My friend and I were vendors at HollandFest in Wisconsin in July. There was a lady there that made jewelry out of silverware and it was very cool. She was selling it like crazy. She somehow heated the forks so they had sort of a melted stretched look to them. Several of them (just the main part of the fork...not the stem) on a necklace with some other stretched-looking silver really looked neat. I wish I would have taken her card, but I was too busy selling stuff in my own booth! I only got to see what other ladies had bought and wore over to our booth. From what I could see, there were crowds around her booth all day long.


----------



## CraftyDiva (Aug 26, 2003)

I've seen silverware jewelry before, but not with the gemstone in them like the pic I posted. I've seen fork bracelets like this..........................










This might be the people you saw at the fair. They're a homestead couple from IL..............................

http://thenewhomestead.com/index.html



.


----------



## mammabooh (Sep 1, 2004)

Yep...it sure looks like her!

edited to add...I sent them an e-mail. I'll let you know if I hear back from them.


----------



## smwon (Aug 16, 2006)

Wow! Those are pretty cool!


----------



## PETSNEGGS (Oct 7, 2005)

so beautiful. how do you stretch the metal like that? do you have to use only sterling silver? Oh is that a spring in the back of the one to get it on and off with? Sorry to be filled with all kinds of questions but, you have got my curiousity UP big time! they are all so pretty.


----------



## CraftyDiva (Aug 26, 2003)

PETSNEGGS said:


> so beautiful. how do you stretch the metal like that? do you have to use only sterling silver? Oh is that a spring in the back of the one to get it on and off with? Sorry to be filled with all kinds of questions but, you have got my curiousity UP big time! they are all so pretty.
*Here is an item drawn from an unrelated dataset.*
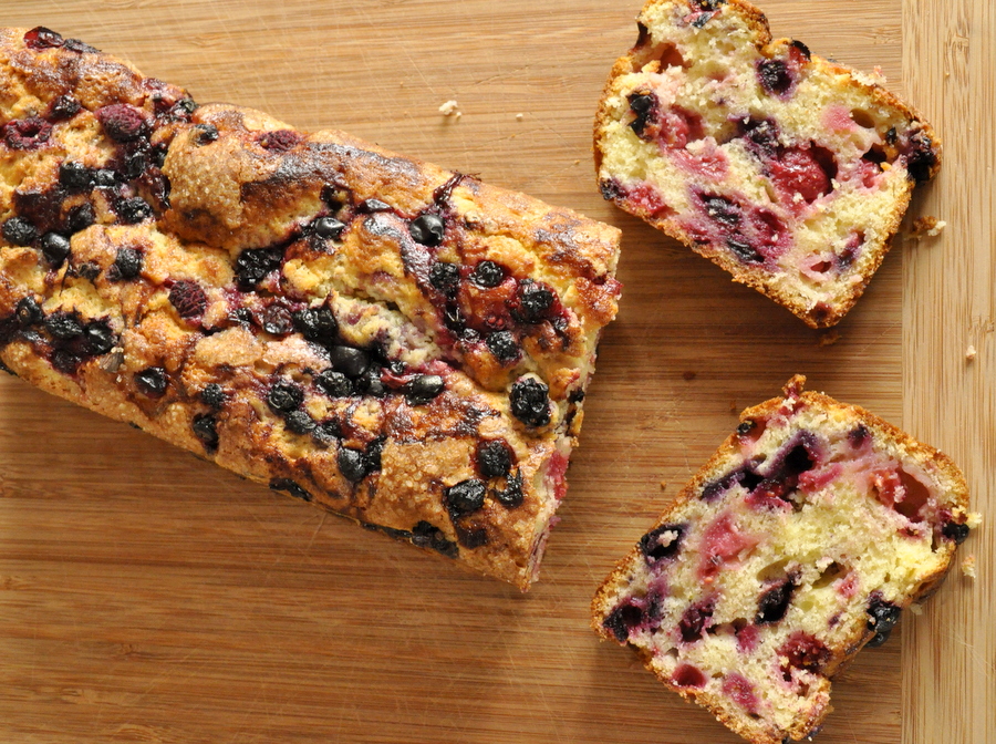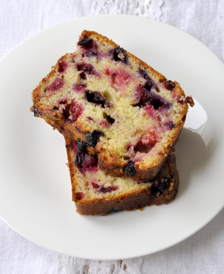 C'est Gitanjali, la responsable du site américain Gourmandize qui m'a donné l'idée en me montrant une superbe photo sur un site américain. J'ai refait le cake à ma sauce, après un travail de conversion de mesures, grâce au billet en or de Clotilde et j'ai remplacé les myrtilles fraiches par des fruits rouges surgelés. Je n'ai pas ajouté le glaçage non plus, j'ai toujours peur que cela alourdisse le cake, même si cela le rend super joli sur la photo de la recette d'origine.
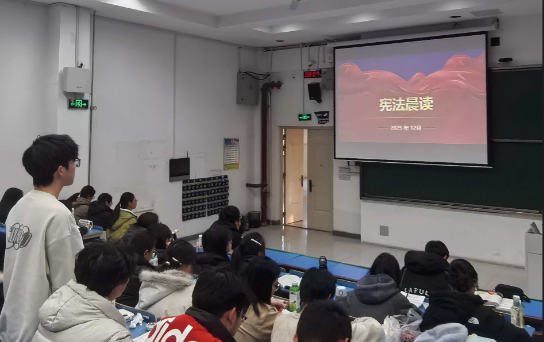 党委宣传部组织全体教职工开展“宪法宣传周”专题学习,通过发放书籍、发布微刊、投放视频等方式,线上线下营造法治宣传氛围。马克思主义学院以《思想道德与法治》课程为核心载体,组织开课班级开展庄重的宪法晨读活动,并针对大一本科生打造“学宪守宪护权益,法治实践伴青春”两日沉浸式实践,通过专题授课、宪法广场现场研学与集体宣誓,让法治信仰扎根心底。学生工作部举行“学宪法担使命 青春筑梦启新程”主题升国旗仪式暨国旗下的思政课,辅导员代表与学生代表围绕宪法精神作国旗下讲话,传递青年法治心声。

Yes the fork bracelet has a spring back to get on and off, how that's done I have no idea. You might do a google search and find something online for "how to". The thines of the fork are hammered flat and then worked (bent) to design. If you plan on trying this you don't have to invest in a "chasing hammer" (silversmith's tool), a regular flat head hammer will do. You'll need to cover the head with something (leather is often used) so as not to scratch/dent/damage whatever your working on.

I don't think your silverware has to be sterling to make these. But, it's easier to work with then stainless steel, plus has a higher selling price. With stainless steel you may have to apply heat (a torch) to make it bendable.

If your really serious about getting in to doing this, check your local library for books on silversmithing. If your in an area that has a college, you could check to see if they offer classes in silversmithing (Art Dept) as well. Also, if you have a bead store around,check with them, they often have silversmithing classes given at the store.

The spoon braceletes are much easier, all you need is a hammer and something round ( I use an old rolling pin) to form the curve with. Drill holes for your jumprings and your good to go.  

Hope that helps some with your questions.


.


----------



## PETSNEGGS (Oct 7, 2005)

thank you, you helped tons... they just really are beautiful. Would you post some pics of yours when you have time? I would love to admire them.... seems like a lot of hard work but, what a charished piece to have once done.


----------



## Pigeon Lady (Apr 4, 2004)

I'm not much into jewelry but these things are beautiful!

Thanks for posting.

Pauline


----------